A thread dump is often useful in troubleshooting. To capture a thread dump use jstack. This code should be safe to run at any time, and is run frequently while Gerrit is running:

sudo -u gerrit2 jstack -l $(pgrep java) > "/srv/gerrit/jstack-$(date +%Y-%m-%d-%H%M%S).dump"

It's often useful to upload the resulting file to https://fastthread.io/ to detect problems.

Java trace

This command isn't run very often, unsure how safe it is to run; kept here for folks who are familiar with jstat

Display a summary of garbage collection statistics every 1000 ms:

sudo -u gerrit2 /usr/lib/jvm/java-8-openjdk-amd64/bin/jstat -gcutil "$(pgrep -u gerrit2 java)" 1000

Java heap usage

Requires openjdk-X-dbg for the debugging symbols

  sudo /usr/lib/jvm/java-8-openjdk-amd64/bin/jmap -heap "$( pgrep -u gerrit2 java)"

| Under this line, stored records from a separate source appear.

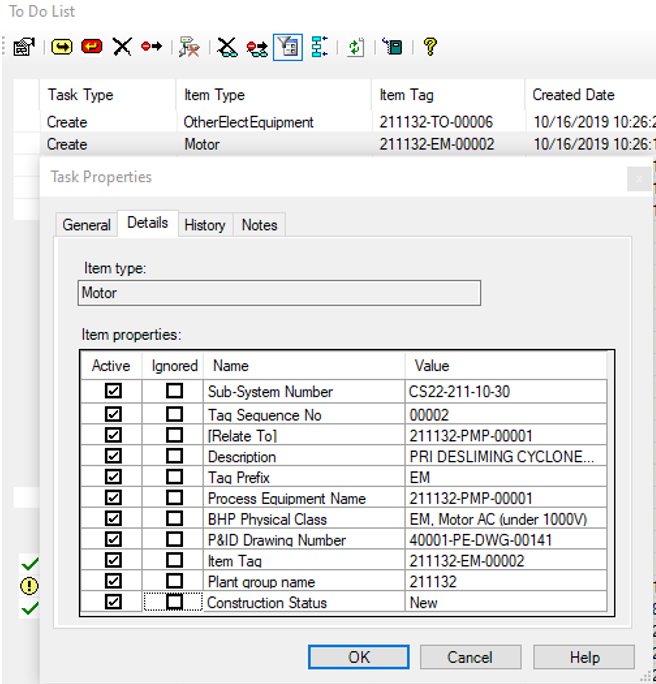 Note: When a task runs, the status of the task and the Run Date and Run By properties are updated. If the task is completed successfully, the status is updated to Completed. If a problem occurs, the task status is updated to Error . If a Create task is completed successfully, but the software has made changes to the item tag, the status is updated to Completed with Warning . When the status is Error or Completed with Warning, a time stamp and error message are added to the Notes area on the General tab of the Task Properties dialogue box.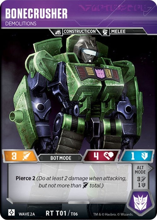 When this attacks -> You may scrap a card from your hand. If you do, put a height counter on your Tower. Bot Mode: Pierce 2 (Do at least 2 damage when attacking, but not more than [ATK] total.) |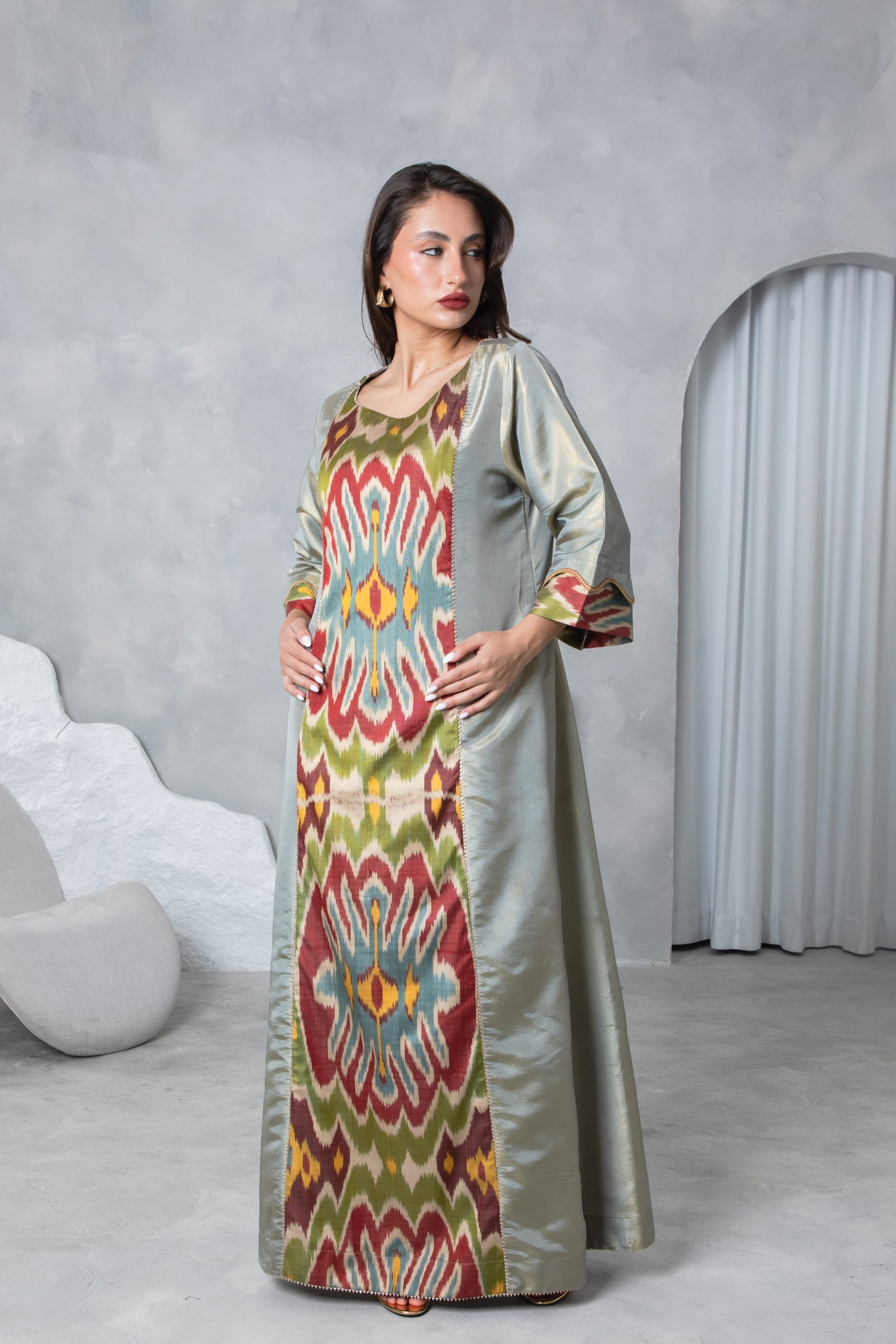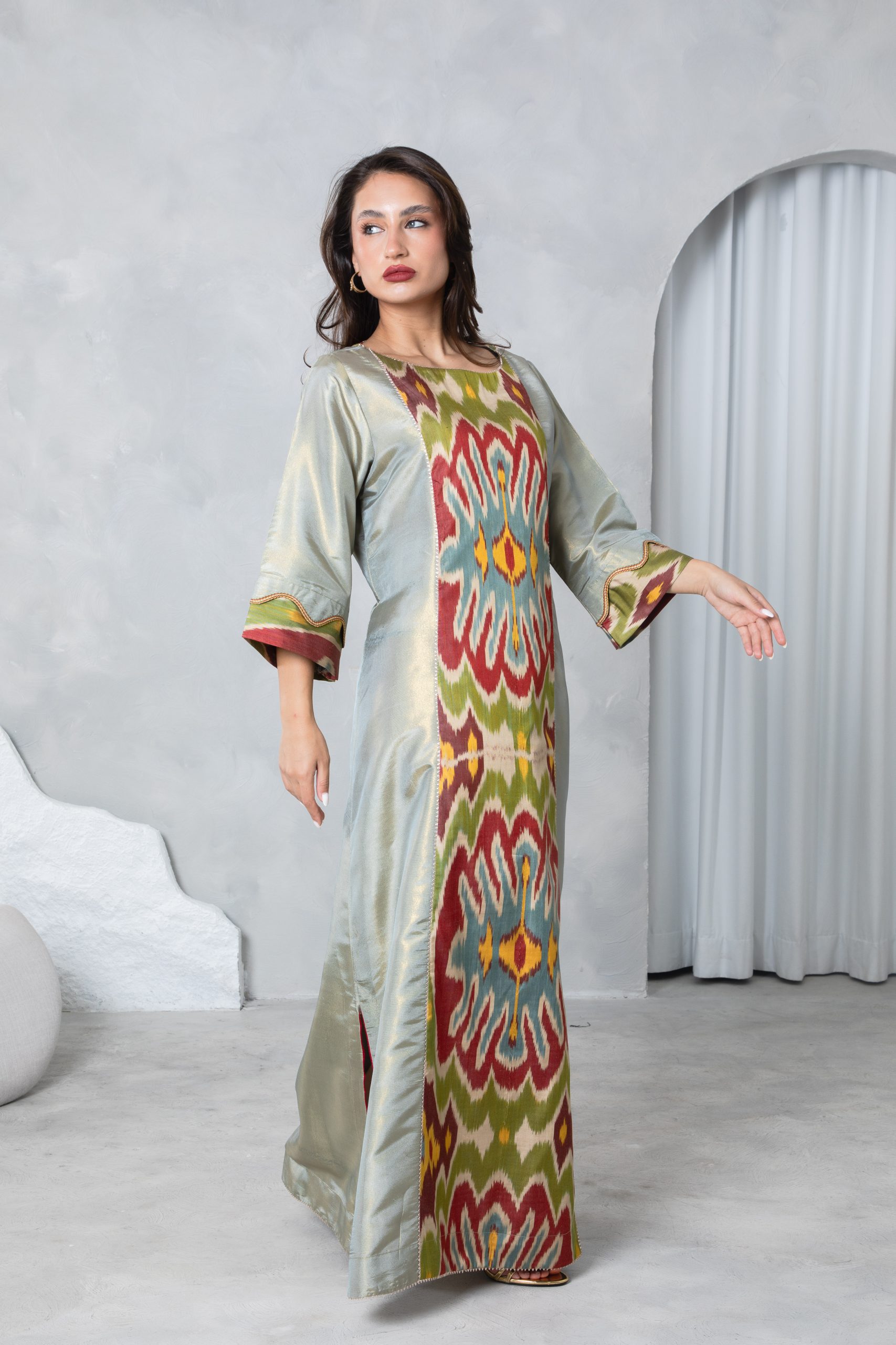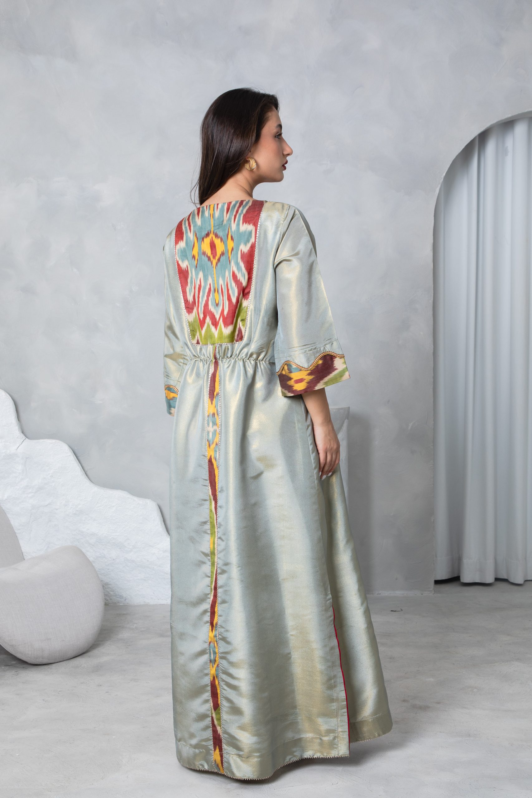 This elegant kaftan features a bold 100% silk Uzbeki ikat panel in earthy tones, creating a vibrant contrast against the soft sage green raw silk. This piece has detailing on the back to add definition at the waist to create a stylish silhouette suitable for special occasions and events.

Access h2 account_patch_reviews

On copies of account_patch_reviews* files:

java -cp h2-1.3.176.jar org.h2.tools.Shell -url jdbc:h2:/home/hashar/account_patch_reviews

Which gives you a sql prompt:

sql> show columns from ACCOUNT_PATCH_REVIEWS
...> ;
FIELD        | TYPE         | NULL | KEY | DEFAULT
ACCOUNT_ID   | INTEGER(10)  | NO   | PRI | 0
CHANGE_ID    | INTEGER(10)  | NO   | PRI | 0
PATCH_SET_ID | INTEGER(10)  | NO   | PRI | 0
FILE_NAME    | VARCHAR(255) | NO   | PRI | ''
(4 rows, 16 ms)

Blocking misbehaving bots / IPs

If necessary either IP addresses or user agents that are misbehaving can be blocked by making edits to modules/profile/templates/gerrit/apache.erb in the operations/puppet public git repository and merging them.

example change

Throttling IPs

Since September 2024, implemented in profile::firewall::nftables_throttling keys in Hiera.

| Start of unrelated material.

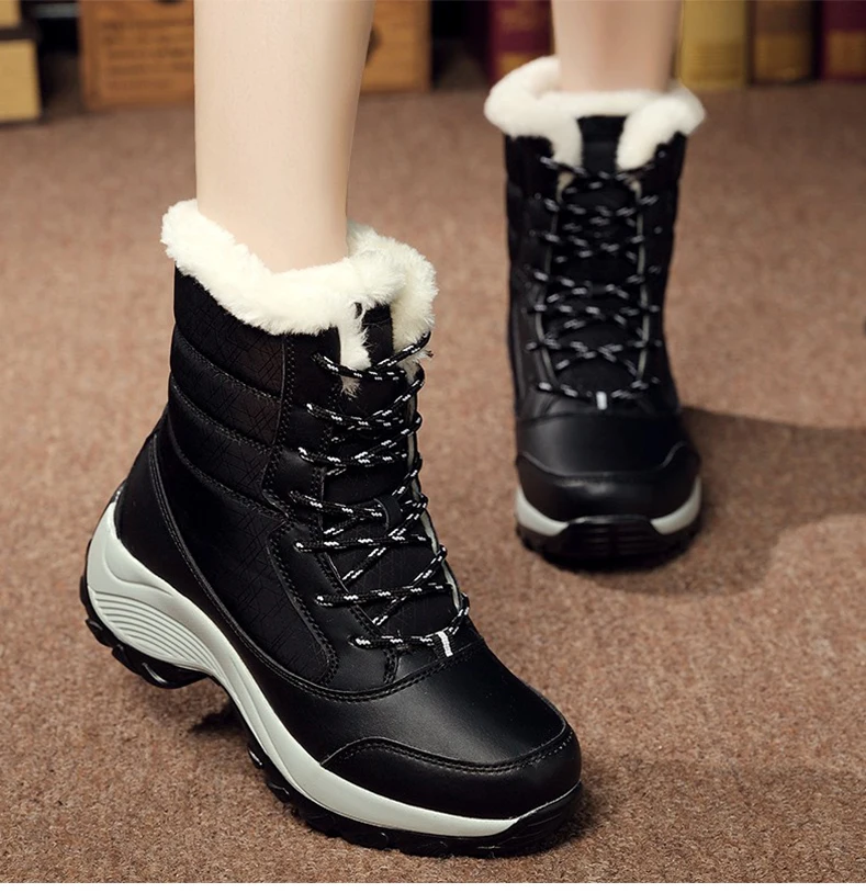 Женские ботинки; Белые зимние женские ботильоны; Супер теплые зимние ботинки; Botas De Mujer; Черные ботинки на платформе и каблуке; Женские ботинки

You can also observe data related to this on the grafana dashboard for gerrit.

Killing ssh connections

It can happen that a user reaches the limit of 8 concurrent ssh connections and then says they can't push to Gerrit anymore over ssh.

A member of Gerrit admins can run commands like these to kill connections for them:


ssh [email protected] -p 29418 gerrit show-connections
ssh [email protected] -p 29418 gerrit close-connection <connection ID>

Switch over

Based on https://phabricator.wikimedia.org/T326368

If you're migrating on gerrit2003, please see https://phabricator.wikimedia.org/T338470#10506291

Try to ensure the user running Gerrit will be also owning the synced data.
The old version of this section is still visible here: https://wikitech.wikimedia.org/w/index.php?title=Gerrit/Operations&oldid=2235783
This section has recently been entirely rewritten and is still undergoing tests

Schedule and Announce Downtime

Announce the scheduled downtime for Gerrit services.

Prepare patches

Those hiera keys have to be updated:

profile::gerrit::active_host
profile::gerrit::replica_hosts
profile::gerrit::lfs_sync_dest

and the DNS configuration.

Data Synchronization on src-gerrit

rsync -avpPz --delete /var/lib/gerrit2/review_site/ rsync://dst-gerrit.wikimedia.org/gerrit-var-lib/
rsync -avpPz --delete /srv/gerrit/ rsync://dst-gerrit.wikimedia.org/gerrit-data/ --exclude=*.hprof

Begin Scheduled Downtime

Announce the start of the scheduled downtime on IRC #wikimedia-operations and on Slack #engineering-all.

Downtime Management

On cumin1002, execute:

sudo cookbook sre.hosts.downtime -r 'maintenance' -D 30 src-gerrit.wikimedia.org && sudo cookbook sre.hosts.downtime -r 'maintenance' -H 1 dst-gerrit.wikimedia.org

Manually schedule downtime for checks connected to the virtual server "gerrit.wikimedia.org" on icinga.wikimedia.org.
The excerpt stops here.